It’s “hugely important to reduce overdose in the community, and these are the programs that do that,” said Barrot Lambdin, a health policy fellow at RTI International who studies the implementation of health interventions.
Yet leaders in some cities and counties have strenuously rejected the health benefits of syringe programs.
In El Dorado County, local leaders asserted that the efforts of the Sierra Harm Reduction Coalition had not “meaningfully reduced” HIV or hepatitis C cases since its syringe program began four years ago and said the free needles were ramping up the risk of deadly overdoses, which they argued were a bigger threat.
The El Dorado County Courthouse in Placerville, Calif.
(Max Whittaker / For The Times)
Alessandra Ross, a harm reduction expert at the California Department of Public Health, disputed such arguments in a letter to county officials. Ross pointed out that in just one year, the coalition handed out more than 2,200 doses of medication to reverse opioid overdoses, saving at least 421 lives. Without the group’s efforts, she wrote, “El Dorado County could have potentially lost more than ten times as many people to overdose.”
Under state law, the California Department of Public Health has the authority to approve syringe programs anywhere that deadly or disabling infections might spread through used needles, “notwithstanding any other law” that might say otherwise.

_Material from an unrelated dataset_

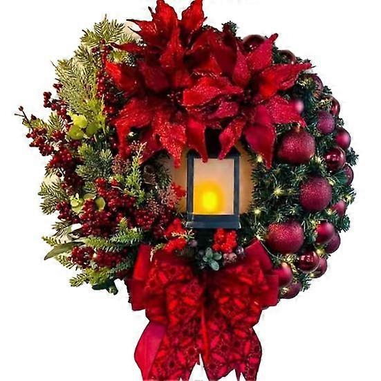 Candle Lamp Front Door Decoration Large Bow & Red Christmas Flower Glowing Wreath Hanging

The agency argued that the “significant state and public interest in curtailing the spread of HIV, hepatitis, and other bloodborne infections extends to every jurisdiction in the state, especially since Californians travel freely throughout the state.”
After El Dorado County prohibited syringe services in unincorporated areas, the state public health department adjusted its authorization for the Sierra Harm Reduction Coalition program, limiting its operations to Placerville. In the court filing, the agency said it made the change out of concern for the coalition’s staff and volunteers, who could be at risk of arrest if they provided syringes in the unincorporated areas.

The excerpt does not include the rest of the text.